#### Work instructions
Return, exactly as written, the lines of the material from its top through the line with "深度估计的比较如表 2 所示。作为对相机位姿估计的评估,我们在", keeping pictures out.

#### Data block
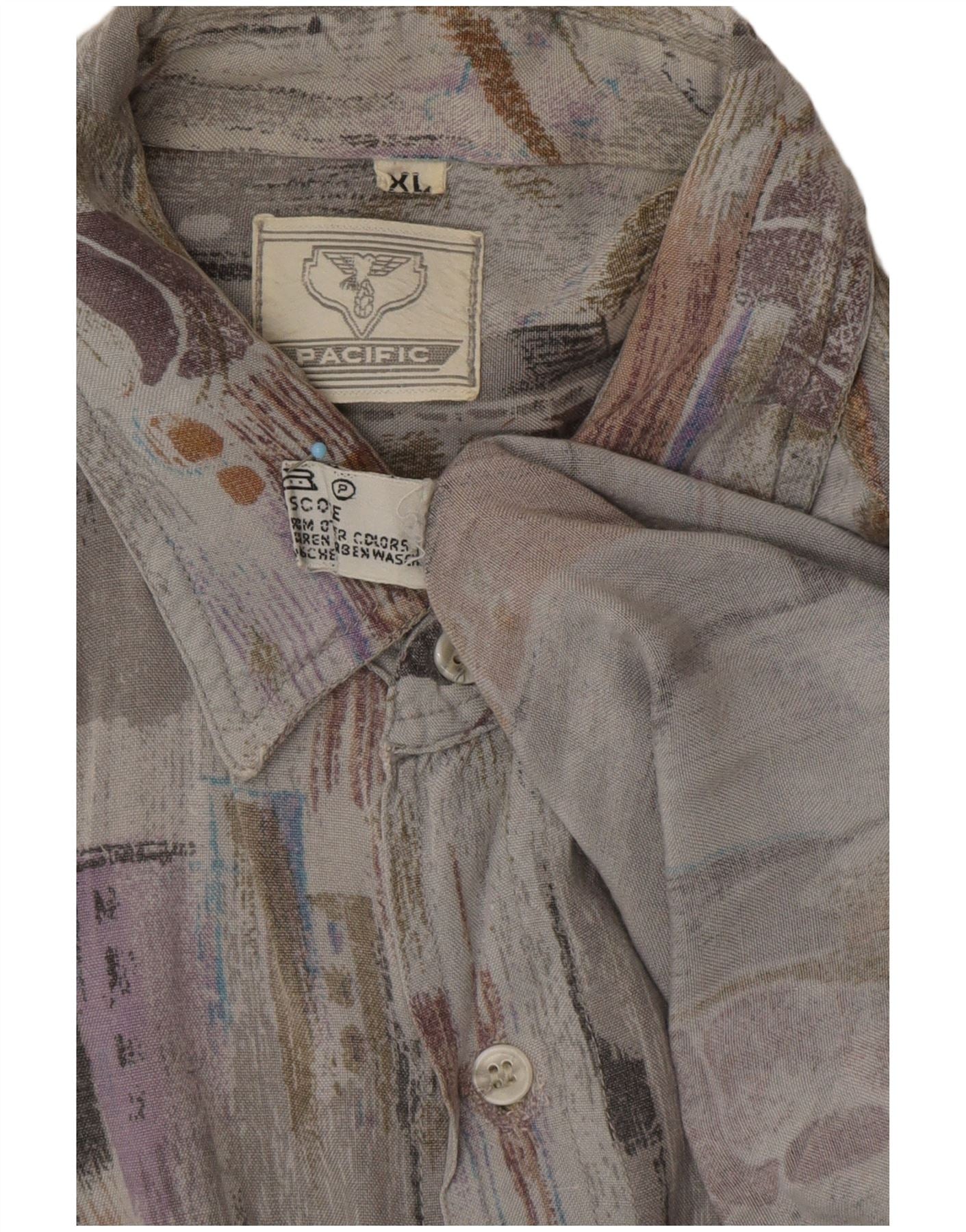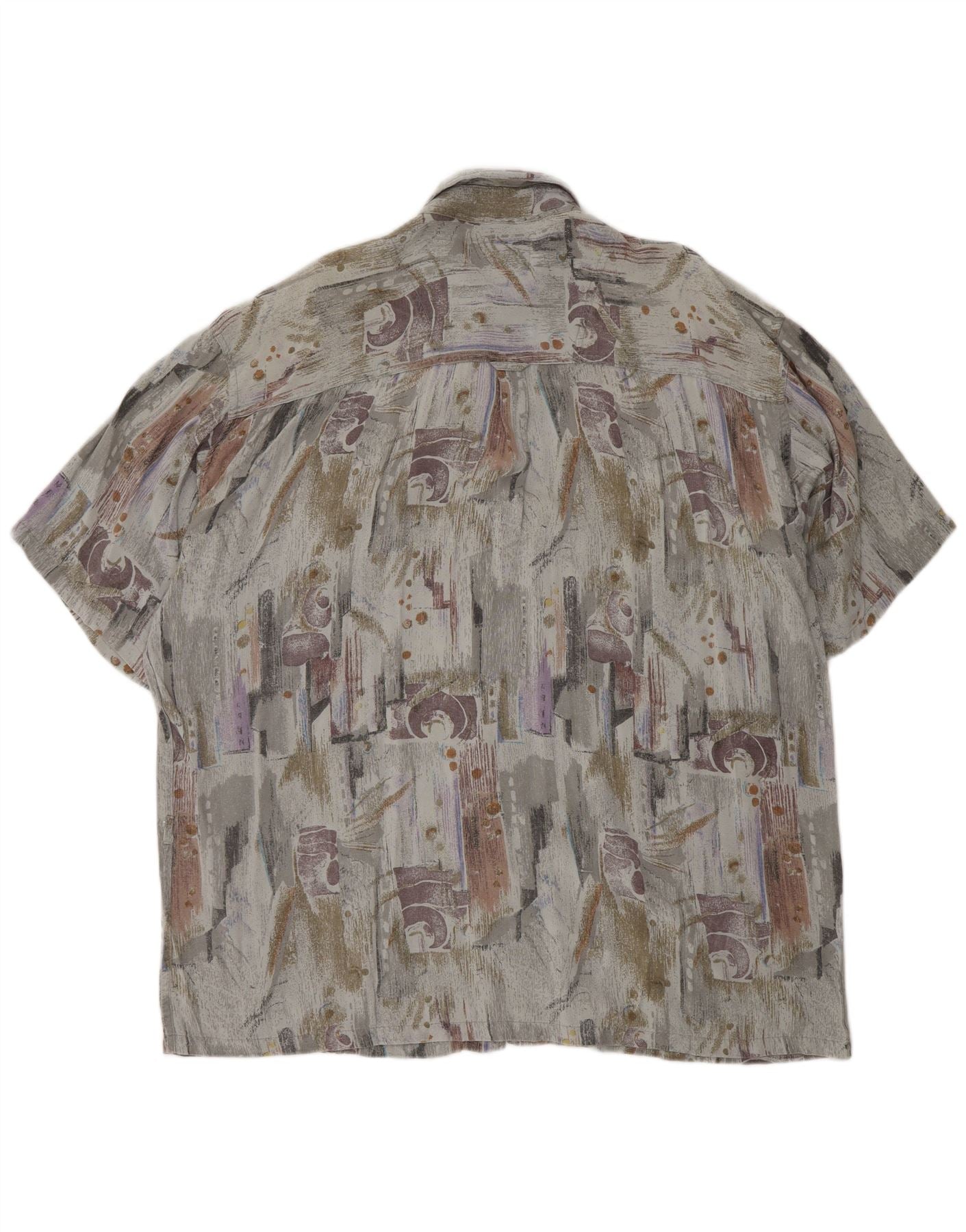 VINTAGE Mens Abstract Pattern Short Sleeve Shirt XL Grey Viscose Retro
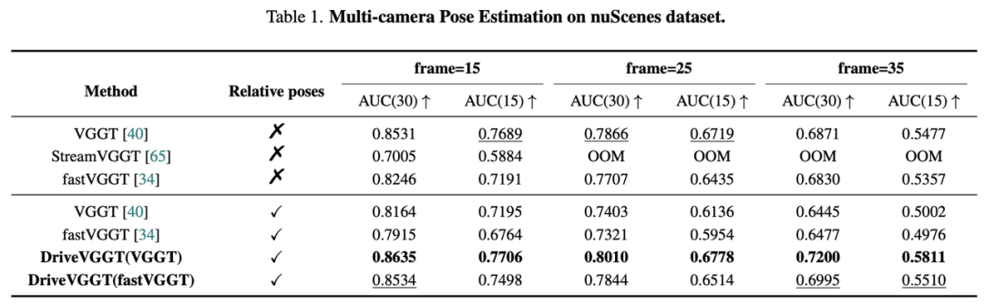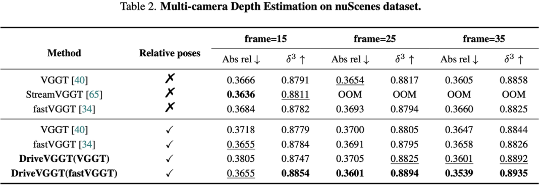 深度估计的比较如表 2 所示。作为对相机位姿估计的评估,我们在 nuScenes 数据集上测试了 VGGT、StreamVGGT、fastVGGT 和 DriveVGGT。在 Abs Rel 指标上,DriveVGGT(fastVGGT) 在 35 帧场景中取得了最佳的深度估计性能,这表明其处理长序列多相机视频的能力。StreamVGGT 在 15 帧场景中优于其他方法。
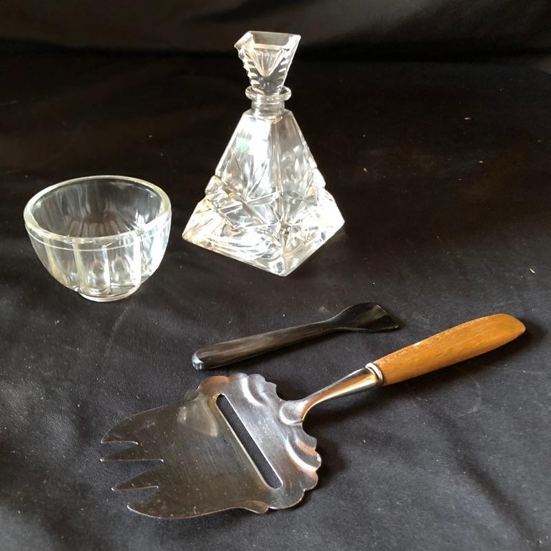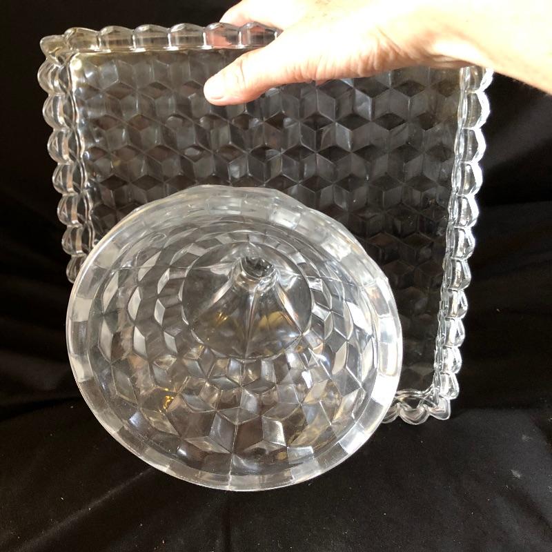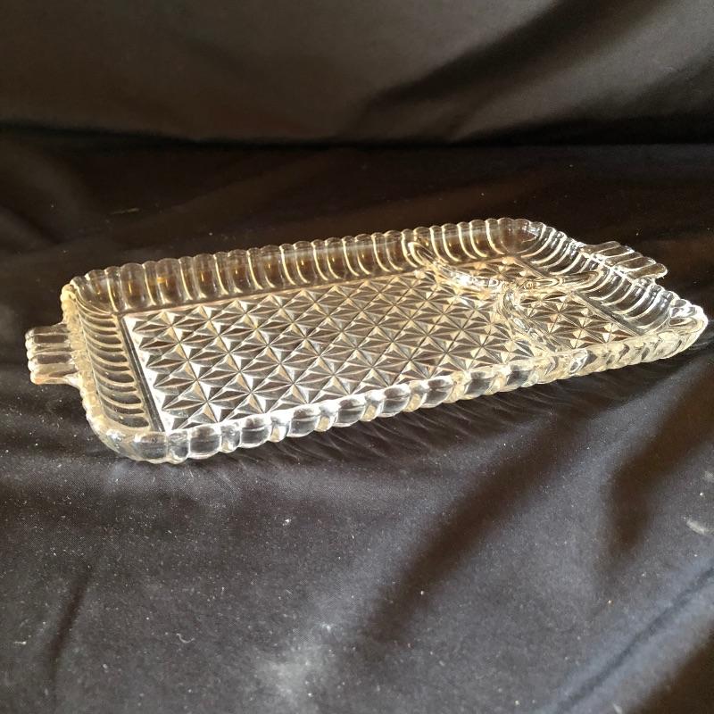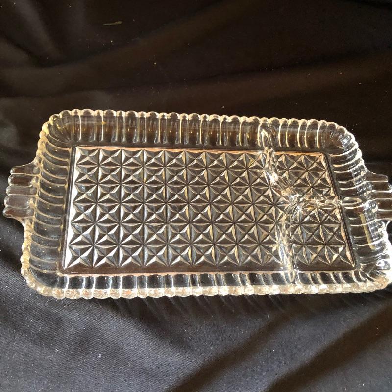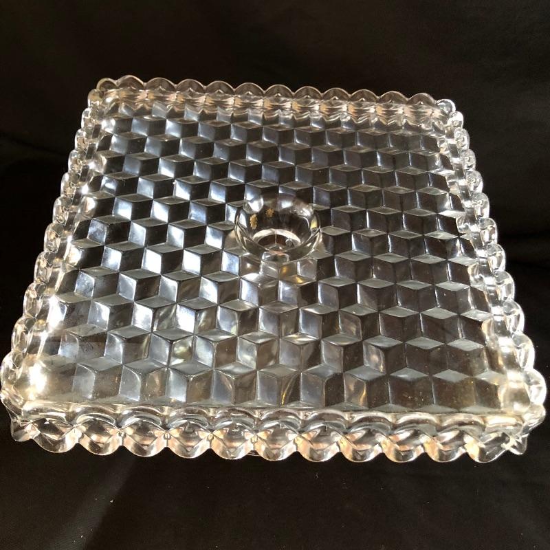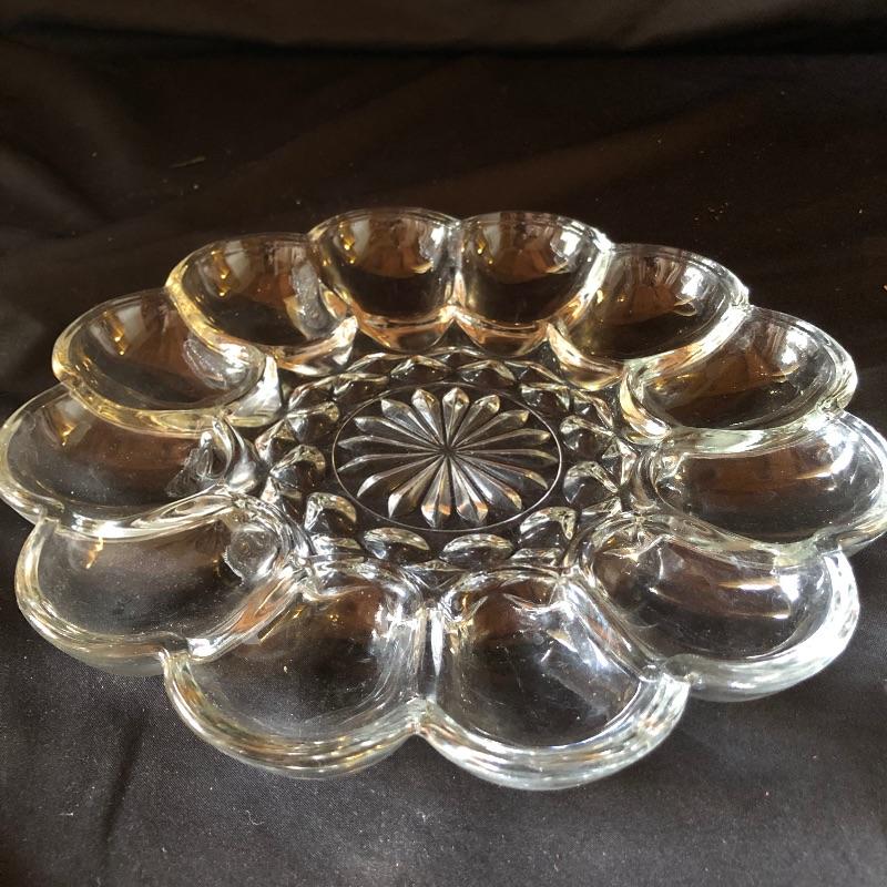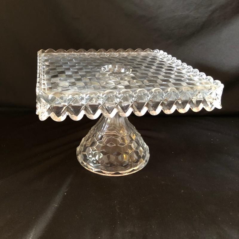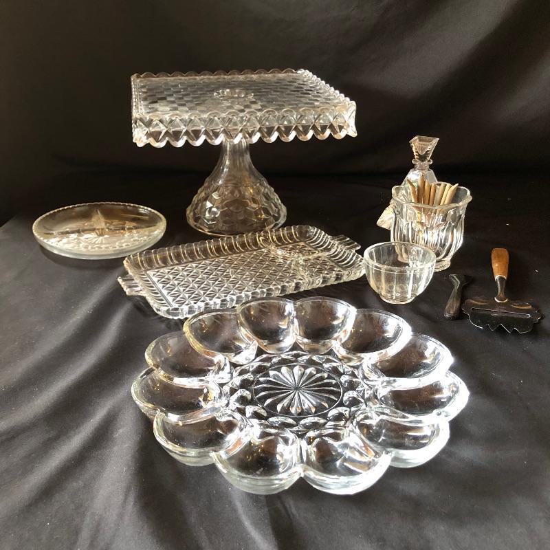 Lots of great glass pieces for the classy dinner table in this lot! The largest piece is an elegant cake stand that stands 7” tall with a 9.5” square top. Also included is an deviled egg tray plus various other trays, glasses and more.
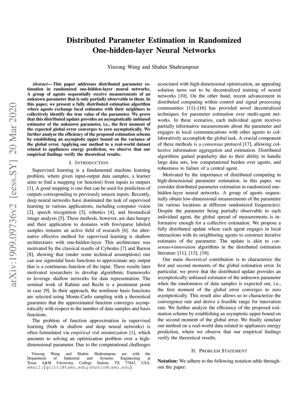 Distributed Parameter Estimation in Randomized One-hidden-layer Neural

#### Your solution
 VINTAGE Mens Abstract Pattern Short Sleeve Shirt XL Grey Viscose Retro
 深度估计的比较如表 2 所示。作为对相机位姿估计的评估,我们在 nuScenes 数据集上测试了 VGGT、StreamVGGT、fastVGGT 和 DriveVGGT。在 Abs Rel 指标上,DriveVGGT(fastVGGT) 在 35 帧场景中取得了最佳的深度估计性能,这表明其处理长序列多相机视频的能力。StreamVGGT 在 15 帧场景中优于其他方法。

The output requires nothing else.